The other way is much more difficult, I’ve done it a couple of times, and it is a pain.
Wrap a short piece of 3/4” dowel with strips cut from an aluminum can until you get a good slip fit in the shroud, then solder in a piece the same size as the window over this (solder won’t stick to the aluminum, just to the steel around the edges). I cut my filler plugs out of a wrecked Ryder shroud, and did have to do a little “bodywork” to even things up. I also glued in a sleeve (as above) for added strength, and repainted it.
They turned out ok, but I’m not looking forward to doing another. 62C6F748-980B-476B-8B6F-83633E2E0640.jpeg
 
Oops!
Just realized something and don’t want to add any confusion…
Please ignore the band that is in line with the front sight. That is a separate mod for a different purpose, and has nothing to do with the loading port.
Sorry ‘bout that !
Rex
 
Thanks Mark !
This is actually the second one I did
(the first was a trial, and didn’t turn out as well… learn as we go, I guess).
The first two are soldered in place, I was soldering the underseam anyway, and figured “might as well while I’m at it”, but I think I’ll try high-strength epoxy (J.B., possibly Devcon) on the next one and see how that does.
r
 
The plastic loading door does have to be removed. There is only about a 3/8” hole through the middle of it for the shot tube to pass through, so it would be in the way of the feeder tube.
There are a couple of ways to cover the port. The easiest is to take a piece of thin sheet metal about
1-1/2” x 2-1/2” and wrap it around a socket (or something about the same diameter as the barrel shroud) insert and glue it in place. E-6000 works well for this. Just make sure you put the open part of this sleeve at the top so it doesn’t interfere with the tube, and deep enough to clear the front sight. You’ll still have the square port showing, but at least it will be covered to keep “stuff” out.
The other way is much more difficult, I’ve done it a couple of times, and it is a pain.
Wrap a short piece of 3/4” dowel with strips cut from an aluminum can until you get a good slip fit in the shroud, then solder in a piece the same size as the window over this (solder won’t stick to the aluminum, just to the steel around the edges). I cut my filler plugs out of a wrecked Ryder shroud, and did have to do a little “bodywork” to even things up. I also glued in a sleeve (as above) for added strength, and repainted it.
They turned out ok, but I’m not looking forward to doing another.View attachment 1191811
Thanks for the help.
David
 
Since it seems like this thread has died off a little I figured I'd add one of my latest small projects. Unfortunately I didn't take too many pictures along the way as it was kind of rushed. I'll have to add some of the complete gun too. I wanted to see what kind of velocity could be achieved so I took a brand new 1938b and stripped it completely. The shot tube was used to resurrect an old 86/70. In its place went a Model 499 shot tube and abutment.

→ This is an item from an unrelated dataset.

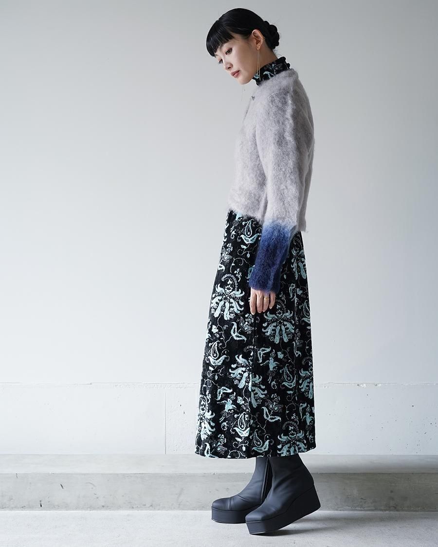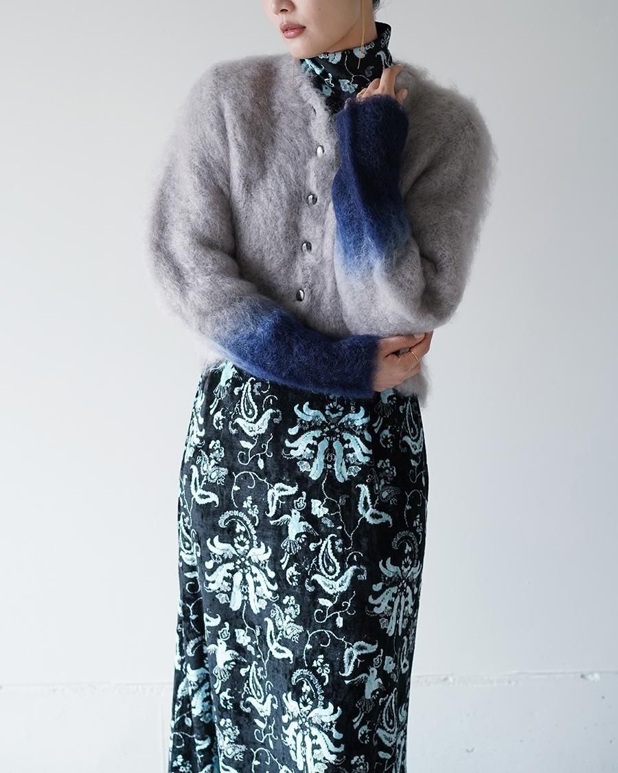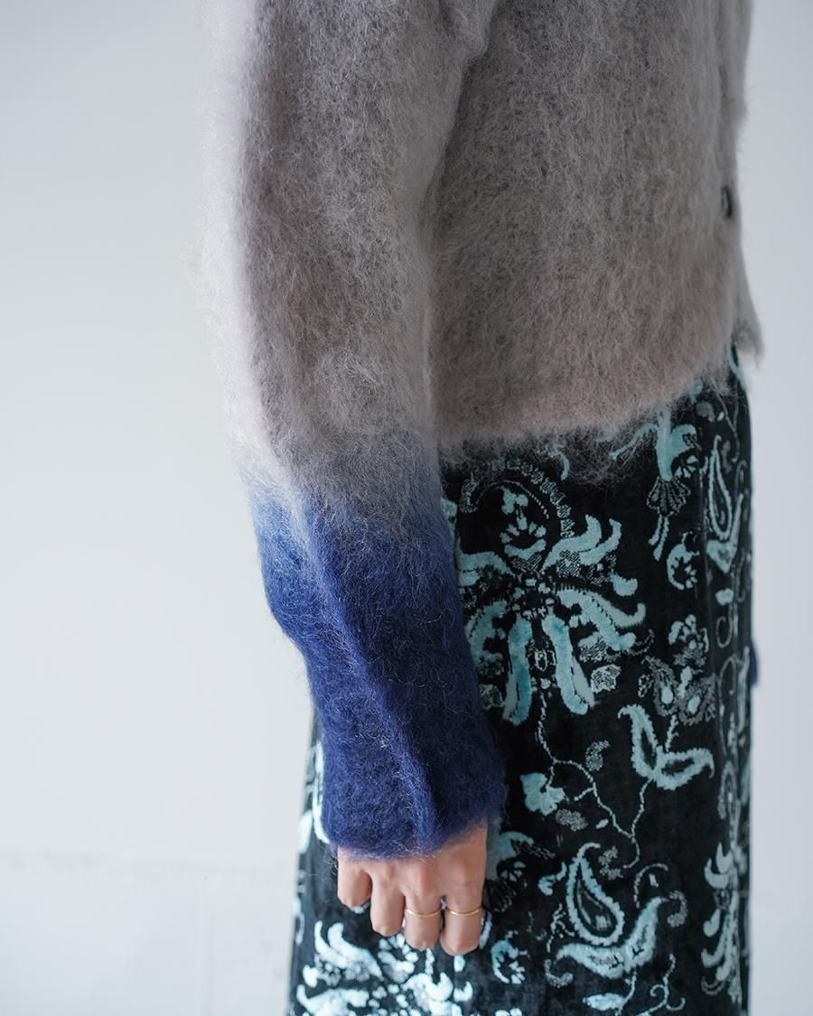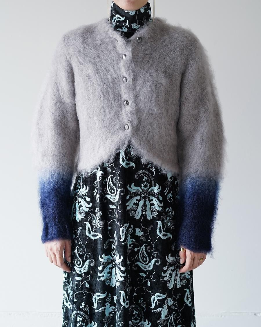 1点ずつ丁寧に手作業で起毛加工を施すことで、軽やかで柔らかな質感と、立体的で豊かな表情を生み出した。光沢感とハリのあるモヘア糸を使用し、丸みのある袖のフォルムと、フィット感のあるコンパクトな身頃がデザインにメリハリを与える。袖口に吊るし染めによる鮮やかな色彩をあしらうことで、シンプルながらも気品ある印象に仕上げている。シンプルなシルエットは、カジュアルからエレガントまで幅広いスタイルに寄り添う一着。

Without the collet and plastic sleeve the barrel is shorter so I made a sleeve out of black HDPE to support the barrel and fill the now missing loading gate. The "fins" were bored out of the inside of the front sight with a 1/2" end mill in the lathe and the last 3/4" of the barrel sleeve was turned to match. The roughly 4" long chunk of HDPE also adds a bit of weight to the muzzle end and helps to balance things out a little. I didn't find out until I was in the midst of this that there are currently no 499 plungers to be had. Back to the aforementioned HDPE stock and a .880 plunger with an o-ring groove was born. Initial testing was promising yielding 446FPS with a 1/2" spacer on the stock 1938B spring but curiosity got the best of me and I went back with a 3/4 spacer and tested again. Great success. Its averaging 475FPS using Daisy plated BBs. Accuracy looks promising, more to come on that later.